§ Task objective
What you return must match the data below exactly, minus any pictures.

Source data
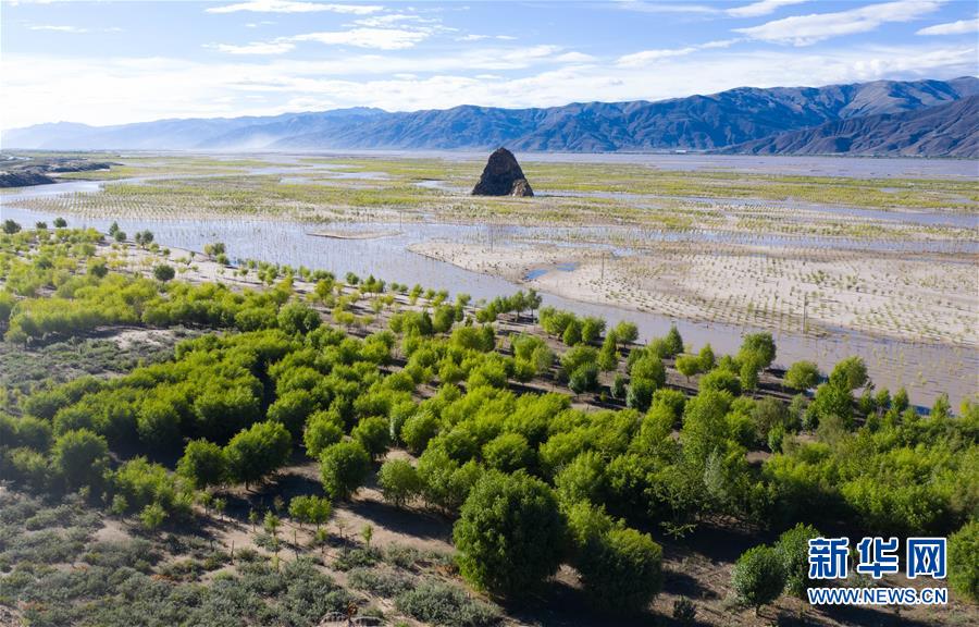 西藏雅魯藏布江兩岸栽植的樹木(7月16日無人機(jī)拍攝)。新華社記者普布扎西攝
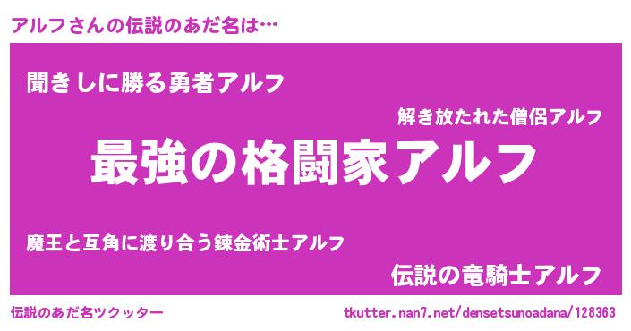 | ヒーロー風カッコイイあだ名 | 『最強戦士アルフ』『ウルトラアルフマン』 |
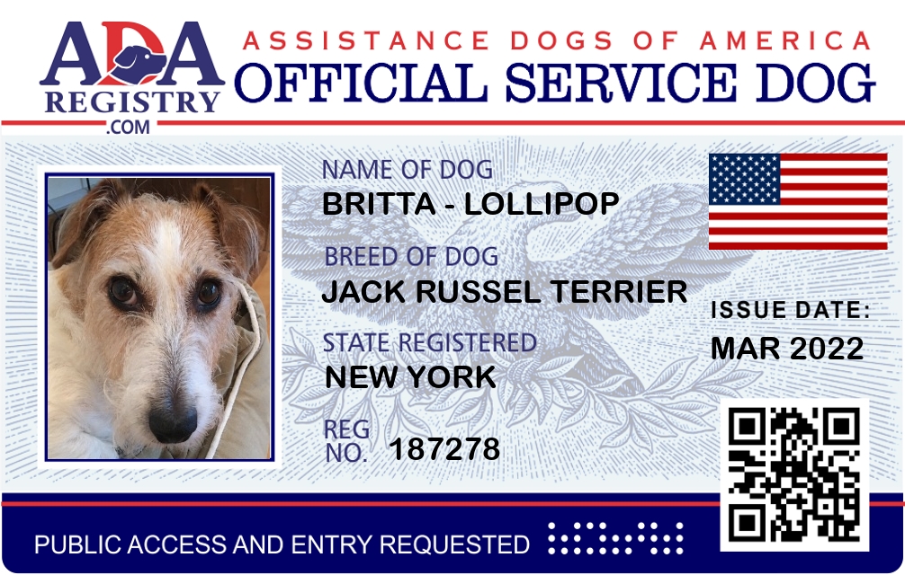 Service Dog Registration for BRITTA - LOLLIPOP
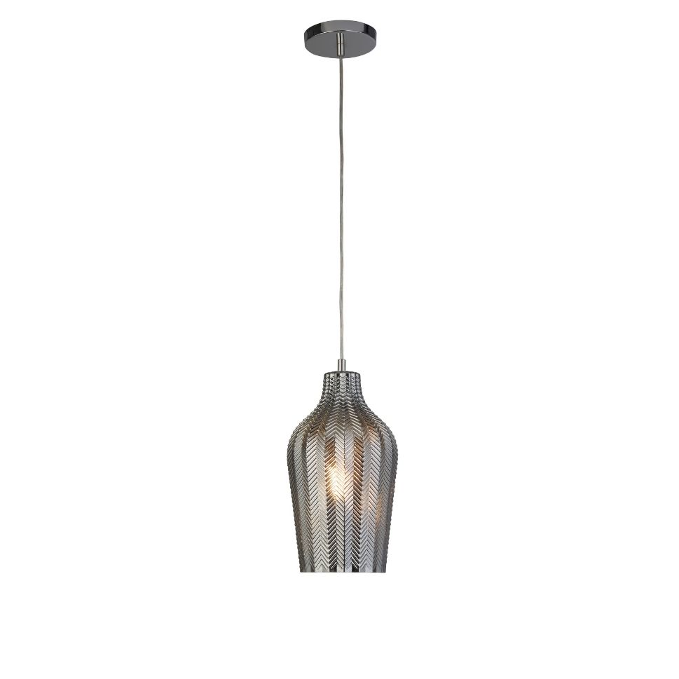 Závěsné svítidlo ze skla kouřové barvy. Od stropu 145cm a průměr stínidla 17,5cm. Patice žárovky je E27 na max. 1x40W. Žárovka není v balení. Závěsné světlo je z kolekce Chevron od výrobce svítidel Searchlight.
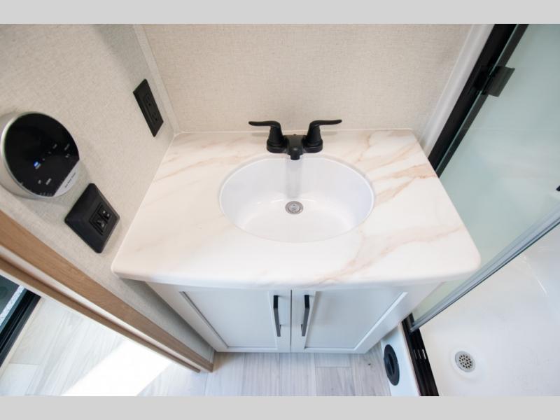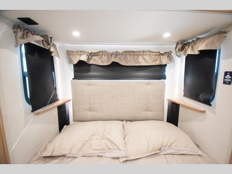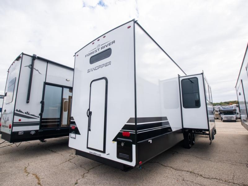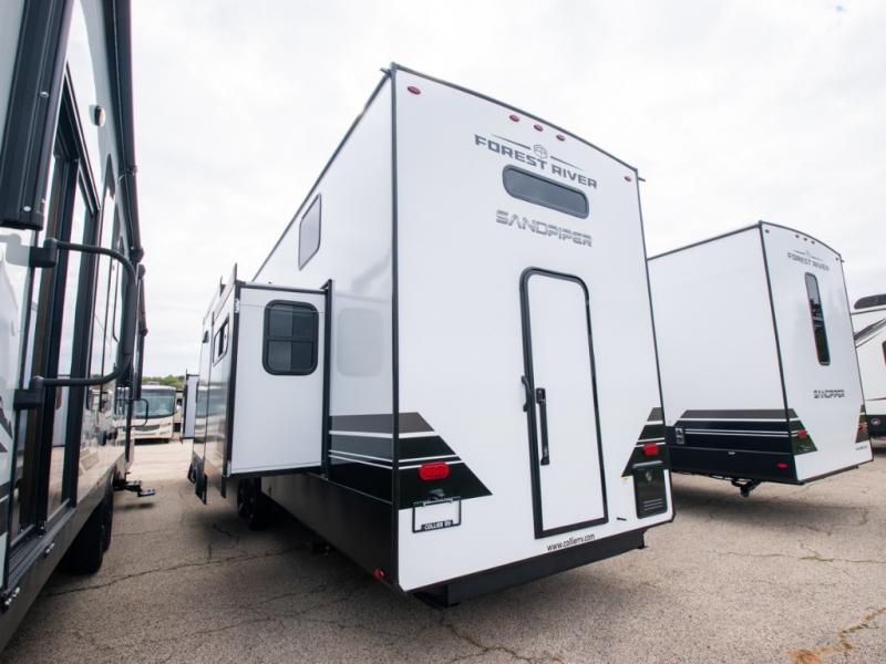 With each Sandpiper Destination Trailer by Forest River you will enjoy many luxurious features, such as crown molding over the kitchen cabinets, solid surface kitchen countertops, a memory foam mattress, plus so much more. The extra large picture windows throughout let natural light in and provide beautiful outdoor views, and each model includes three or more slides for added interior space. You'll find many exterior conveniences, like the porch light with an interior switch, the rain gutters with extra long drip spouts to prevent black streaking, and an electric awning with LED light strip, plus more! You will stay comfortable year around with dual 15,000 A/C units plus each model is constructed with an Underbelly Armor for better protection and insulation!

§ Result of the exercise
 西藏雅魯藏布江兩岸栽植的樹木(7月16日無人機(jī)拍攝)。新華社記者普布扎西攝
 | ヒーロー風カッコイイあだ名 | 『最強戦士アルフ』『ウルトラアルフマン』 |
 Service Dog Registration for BRITTA - LOLLIPOP
 Závěsné svítidlo ze skla kouřové barvy. Od stropu 145cm a průměr stínidla 17,5cm. Patice žárovky je E27 na max. 1x40W. Žárovka není v balení. Závěsné světlo je z kolekce Chevron od výrobce svítidel Searchlight.
 With each Sandpiper Destination Trailer by Forest River you will enjoy many luxurious features, such as crown molding over the kitchen cabinets, solid surface kitchen countertops, a memory foam mattress, plus so much more. The extra large picture windows throughout let natural light in and provide beautiful outdoor views, and each model includes three or more slides for added interior space. You'll find many exterior conveniences, like the porch light with an interior switch, the rain gutters with extra long drip spouts to prevent black streaking, and an electric awning with LED light strip, plus more! You will stay comfortable year around with dual 15,000 A/C units plus each model is constructed with an Underbelly Armor for better protection and insulation!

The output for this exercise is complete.